Baisse la tête t’auras l’air d’un coureur [bɛs la tɛt tɔʁa lɛʁ dɛ̃ kuʁœʁ]

Baisse la tête t'auras l'air d'un coureur

Fig. A. Coureurs tête haute.

[bɛs la tɛt tɔʁa lɛʁ dɛ̃ kuʁœʁ] (loc. verb. VÉLOCYP.)

Époque de labeur pour travailleurs et durs au mal, les années surannées n’aimaient pas les feignasses. En ces temps, pire encore que le musard avec les côtes en long, c’est le fourbe qui feint l’effort qui est honni.

À l’intention de son simulacre d’ahan ahanant, le travailleur syndiqué de Billancourt par ailleurs admirateur sans conditions des forçats de la route, a créé spontanément baisse la tête t’auras l’air d’un coureur.

Conseil de dupe donné à un simulateur au turbin, baisse la tête t’auras l’air d’un coureur est généralement crié sur le ton d’un vas-y Poupou avec juste ce qu’il faut d’enthousiasme surjoué pour que l’encouragé comprenne qu’il n’ira pas très loin et que son subterfuge est découvert.

En effet, l’expression est moqueuse.

Un conseil de maintien prodigué avec la locution verbale avoir l’air ne peut en être autrement. Imagine-t-on la baronne de Rothschild enseigner l’usage de la fourchette à escargots avec un avoir l’air aussi léger ?

Baisse la tête t’auras l’air d’un coureur

Être ou avoir l’air, telle est la question insidieusement posée par baisse la tête t’auras l’air d’un coureur.

Le cossard sait bien qu’il n’a pas l’air d’un coureur, et qu’il ne l’aura jamais, trop hostile à l’odeur de sueur qu’il est. Alors c’est de honte qu’il incline le chef vers le sol, cherchant dans la contemplation honteuse de ses pieds le salut de son âme geignarde.

Baisse la tête t’auras l’air d’un coureur en a mouché plus d’un de ces inefficaces volontaires, de ces experts en brassage d’air, de ces ramiers prenant les autres pour des pigeons.

Baisse la tête t’auras l’air d’un coureur disparaît soudainement le 11 juillet 1998, lorsque l’affaire Festina qui révèle au monde naïf les pratiques de motivation par la chimie dans le milieu du cyclisme éclate. Devant l’ampleur du scandale, c’est le peloton tout entier qui baisse la tête, déshonoré aux yeux de ce public populaire qui l’acclamait encore trois jours plus tôt.
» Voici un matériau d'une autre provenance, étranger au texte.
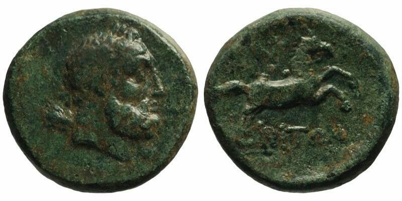 Thrace, Maroneia, 146 BC - 1st century AD. Head of Herakles right with club behind over his shoulder / MAPΩ-NITΩN; bridled horse galloping right, monogram above.
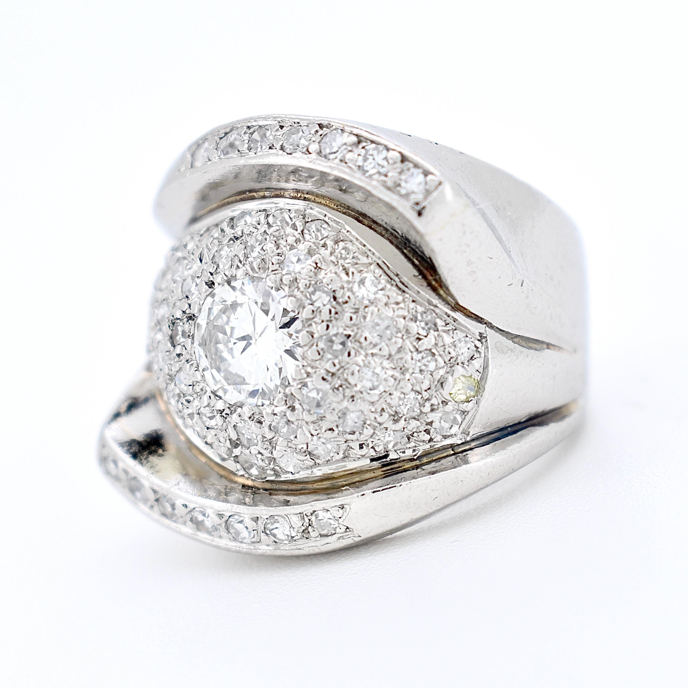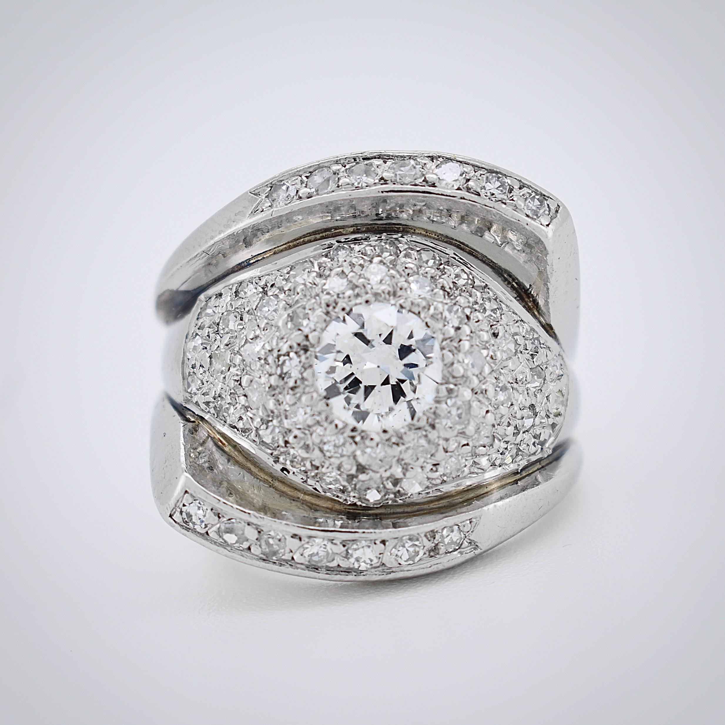 The ring is set with approximately 1.5 carats of diamonds, including a stunning 0.70 ct central diamond. The diamonds are estimated G color and VS1–VS2 clarity, offering excellent brilliance and impressive purity.
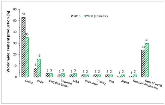 - World Cement Association. World Wide Cement Production 2018 & Forecast 2030. Available online: https://www.worldcementassociation.org/images/info-graphics/001-World-Wide-Cement-Production.pdf (accessed on 29 January 2022).
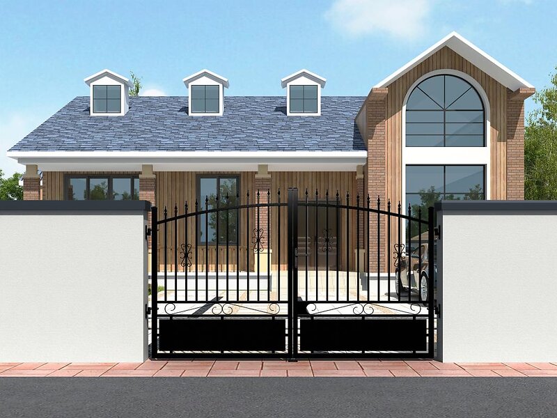 Vente Unique Portail battant aluminium ajouré L367 x H183 cm noir NERBIS
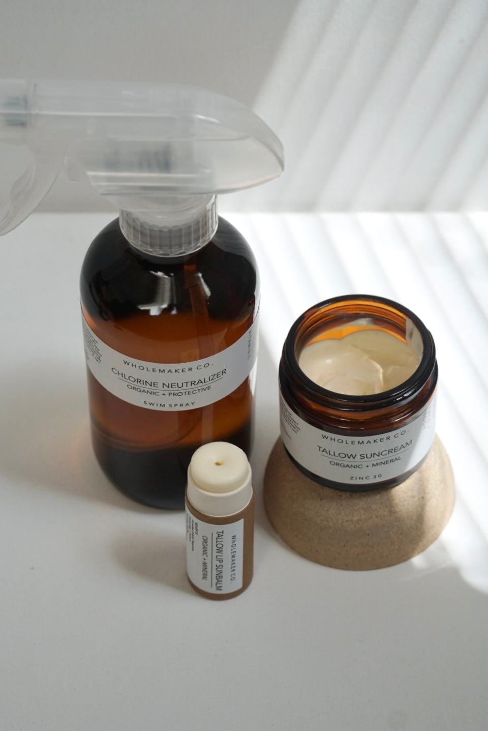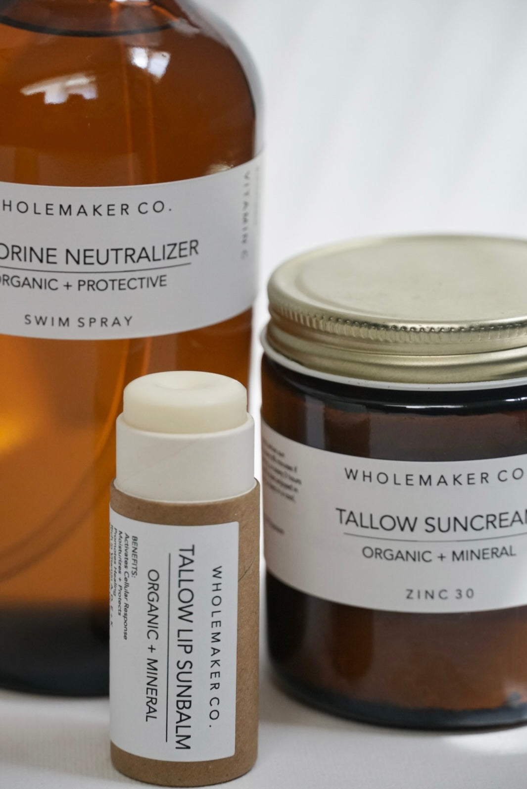 Find our gentle, mineral-based sun protecting formulas here in the Tallow Suncream 30 and Tallow Lip Sunbalm 4. With ingredients like organic grass-fed tallow, carrot seed oil, and non-nano zinc oxide—it’s safe for the whole family. The highlight of this set is our Chlorine Neutralizer Swim Spray to use before and after chlorine exposure, protecting the skin and neutralizes chlorine on contact!
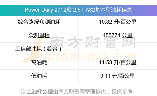 根據(jù)車主實(shí)測(cè)數(shù)據(jù),該車型低油耗為9.11升/百公里,高油耗為11.53升/百公里,綜合路況眾測(cè)油耗為10.32升/百公里。
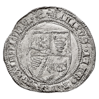 Filippo Maria Visconti (1412-1447) - Grosso da 3 Soldi - Diritto: stemma inquartato - Rovescio: Sant'Ambrogio seduto di fronte tiene uno staffile con la mano destra e il pastorale con la sinistra - gr. 3,67 - Rara - Lieve ondulazione del tondello, altrimenti migliore di leggi tutto
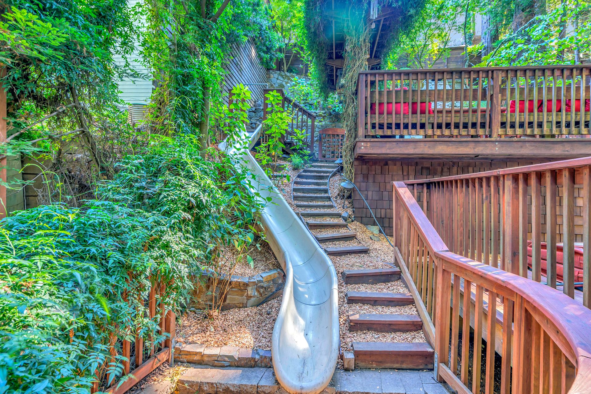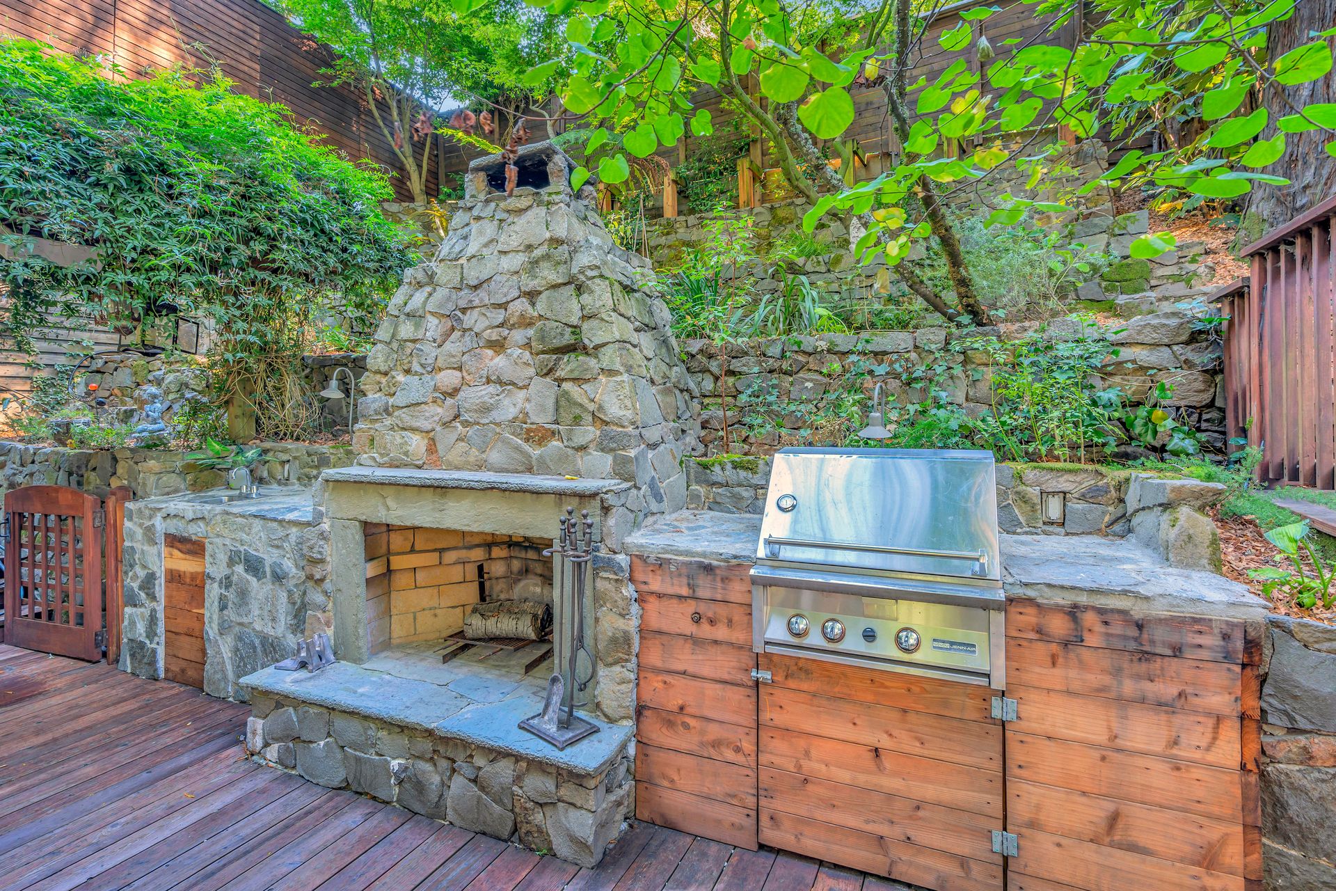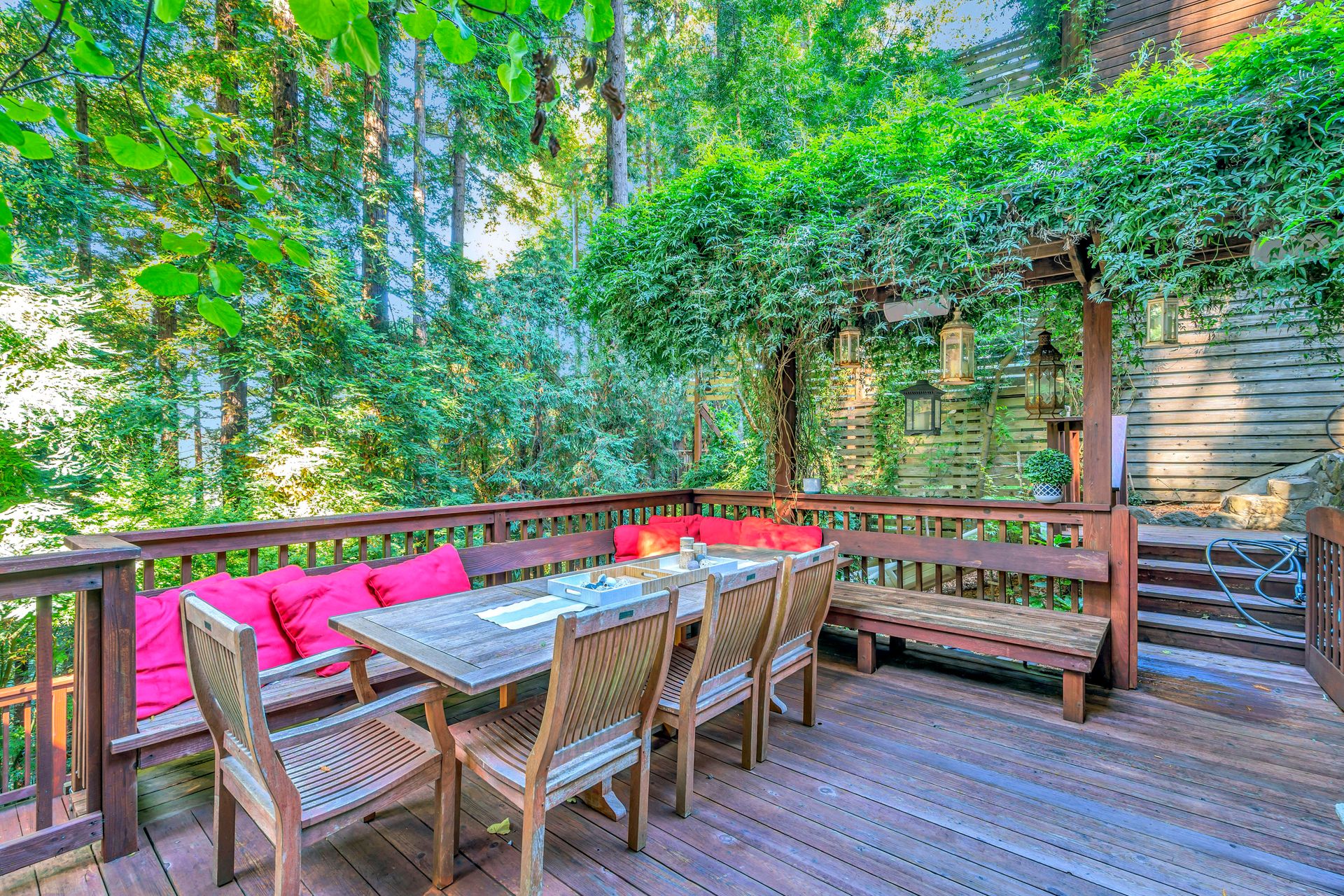Experience the magic of this approximately 3,800 square foot home nestled in Mill Valley's enchanting redwoods. Perched atop Mount Tamalpais, with spectacular views and sunny decks, this oasis promises a retreat from the bustle and a deeper connection with nature. Endless trails lead right out the front door. A short drive from both Muir and Stinson Beach and a short distance to downtown, this lovely home is ideally located. Constructed in 2002, renovated in 2010 and 2023, this five bedroom, four bathroom home blends modern luxury with mountain lodge charm. Blonde hardwood floors add sophistication, while the chef's kitchen showcases high-end appliances and stunning views. An ideal opportunity with a separate entrance enhances the home's versatility. For quality time, a spacious media room guarantees total comfort and style. Enjoy al fresco dining under the stars, complete with an outdoor fireplace, kitchen, BBQ grill and hot tub. Don’t miss the architecturally designed treehouse and slide along with a playground with swings on the bottom level. In Mill Valley's competitive market, this jewel really stands out. A blend of nature and luxury, it's a rare find. Don't miss this unique opportunity. Schedule a private showing today and make this dream home yours.

En refusant l’effort au naturel, les sombres sbires à roulettes ont rendue désuète une expression fantastique de gouaille et d’efficacité. Qu’ils soient maudits.

Nota bene : qu’ils soient aussi remerciés d’avoir créé « à l’insu de mon plein gré », savoureuse bien que pas encore surannée.